Implementation: It is not necessary to convert the graph into format above. We will simulate the logic discussed above on the transaction vertices without creating the actual incoming and outgoing vertices for space saving and simplicity.
When propagating the path, both directed edges and their reverse edges are traversed. When traverse the reversed edges, it is considered to be traversing the residual edge.
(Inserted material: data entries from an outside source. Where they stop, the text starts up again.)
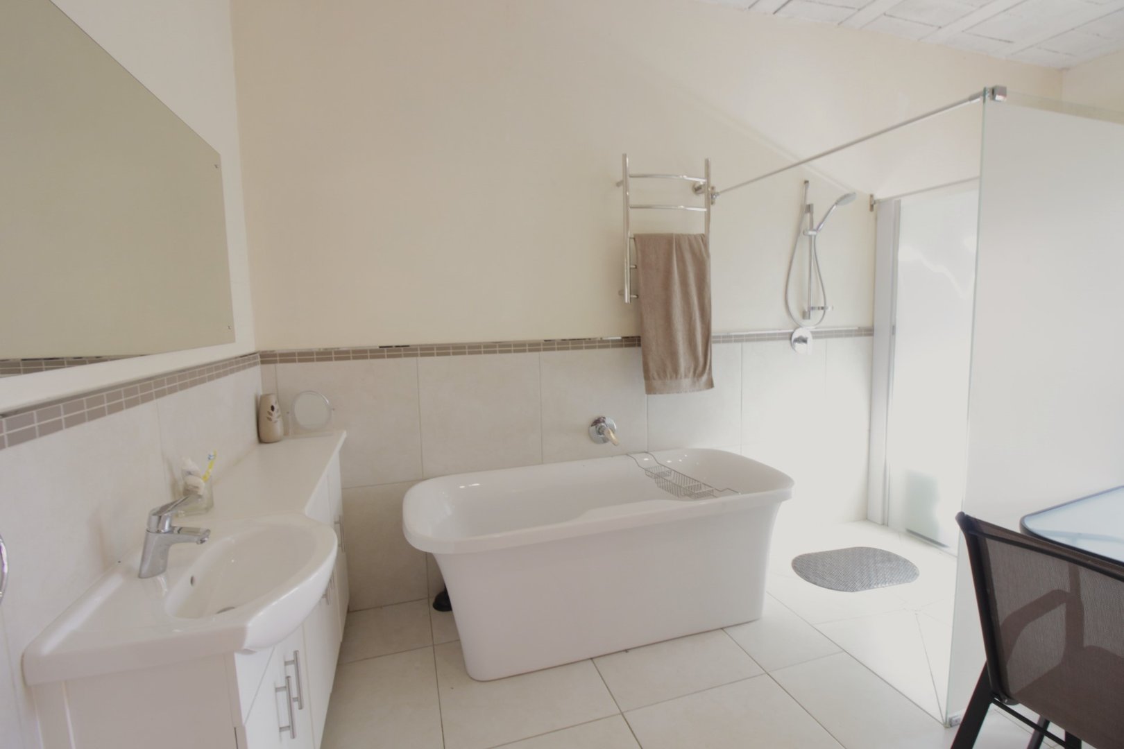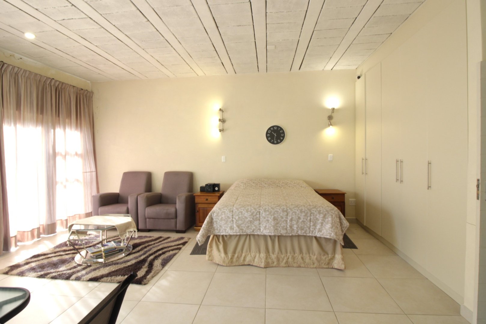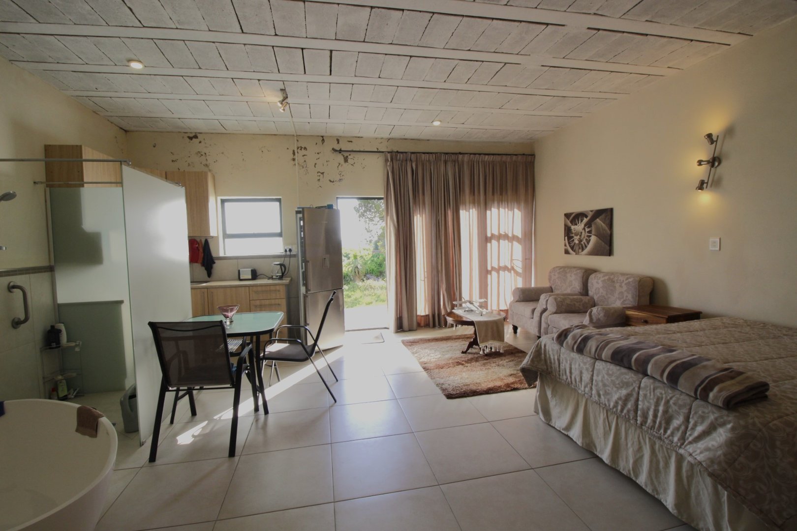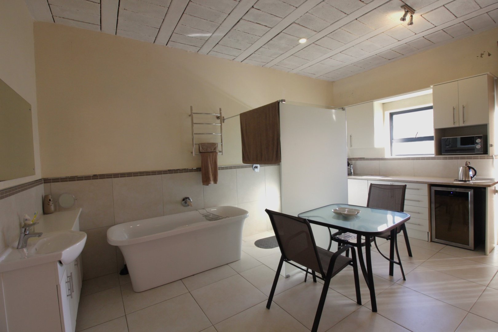 Enjoy the sunset through the glass panels whilst relaxing with a glass of wine. Entertain friends and family in this large open space which leaves much room for the imagination.
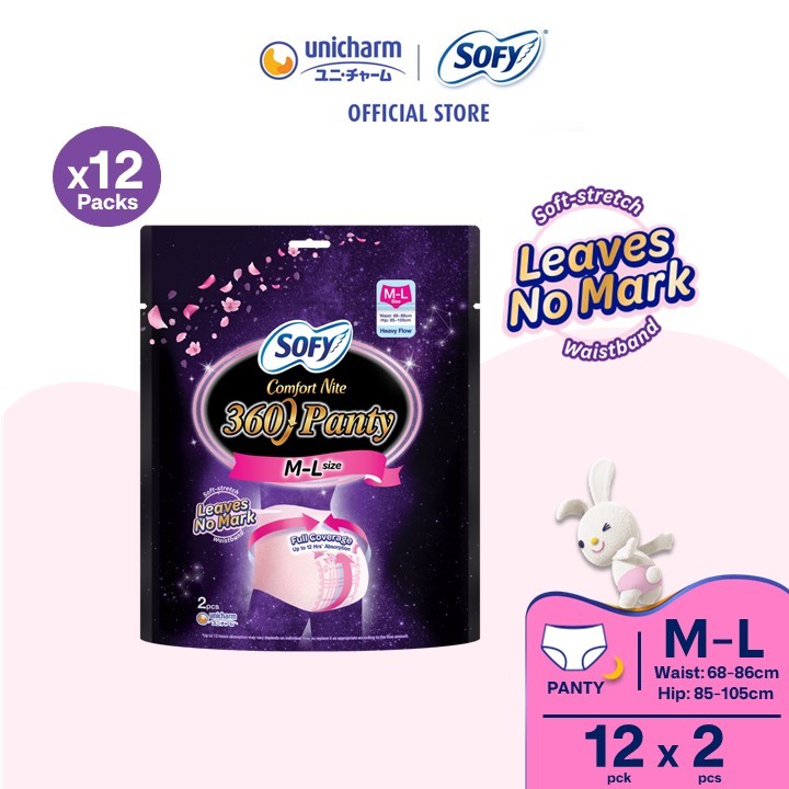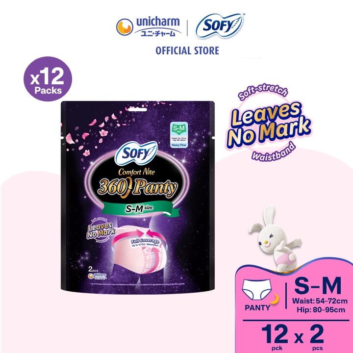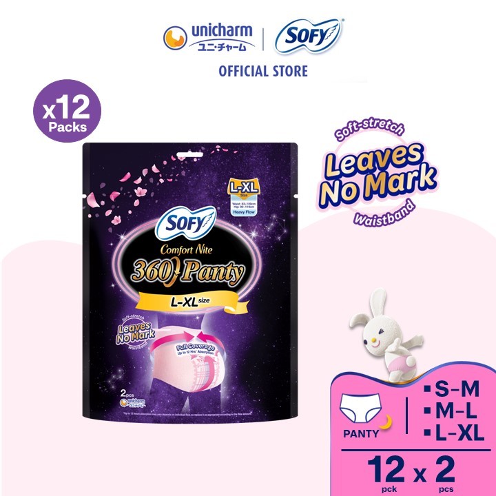SOFY Comfort Nite 360 Panty Overnight Panty S-M/M-L/L-XL 2pcs (12 Packs)
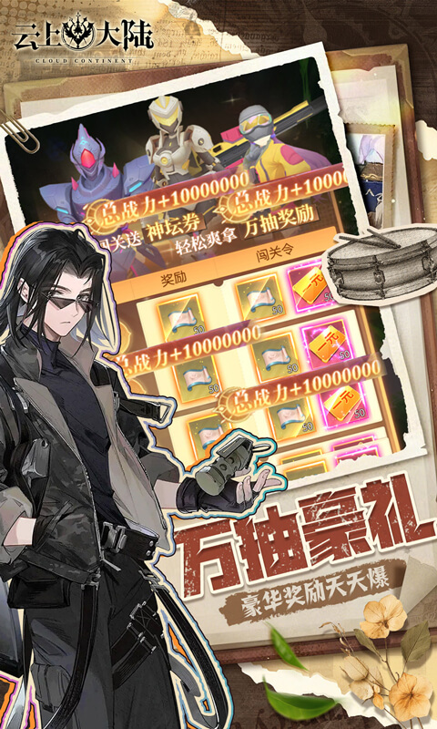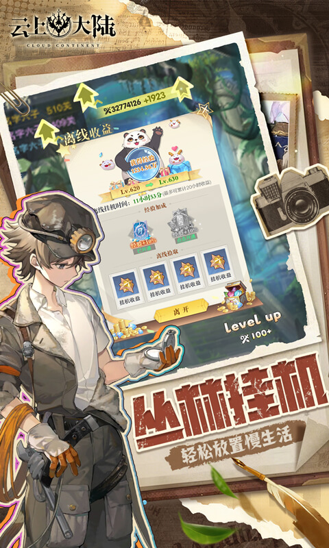 《云上大陆》是一款奇幻世界冒险题材的3D放置挂机RPG手游;在这个遥远星系的云上大陆,玩家将扮演一名冒险者,在俄刻阿诺斯之神的庇护下,一路探险来到了欧斯之城,加入冒险者公会与智慧高超的矮人族、身手敏捷的精灵族一起并肩作战,抵御邪恶龙族和强大兽人族的入侵、通过欧斯勇者竞技场层层选拔、驯服神龙、收服坐骑,完成勇者试炼,接受女神的“英雄王者”授勋,成为云上大陆的守护者,守护云上大陆和平!

When evaluating the paths, for any edges in the original direction, store the incremental flow amount in a local map on the account vertexes to indicate that between a pair of transactions what is the used amount. Later when we have to traverse in an reversed order for residual graph traversal, the amount accumulated previously will be used to judge if the reversed/residual edge has sufficient flow.
Here is an example:
If we previously traversed path A->C->E, and got minimum flow of 200.
The residual amount on E->C and C->A also become 200.
Later if we traverse the path of C->A->D, since C->A is in reversed order therefore the residual amount will be used. The flow we get from path C->A->D is 100. Note, even A’s amount is used up, but because the residual path doesn’t go through the edge between Incoming A and Outgoing A, therefore it is still a valid path.
Below is the value after reducing 100 from the residual edge and incremented the original transaction capacity amount of C.
In conclusion, Maximum Flow algorithms are being used to determine the highest possible flow rate through a flow network, based on its feasibility, making it an ideal solution for transaction surveillance. However, the original Maximum Flow algorithm is designed to take a pair of accounts as input, and applying it to pattern detection poses several challenges, including high complexity for applying restrictions, calculating shortest paths in multiple passes, and identifying account pairs with high maximum flow numbers across the entire neighboring subgraph. Nevertheless, this blog proposes an innovative and efficient approach to calculate the maximum flow with a vertex capacity-based approach, scalable to handle massive amounts of data, providing real-time results, and calculating the maximum flow for all k-hop neighborhoods within a limited number of hops.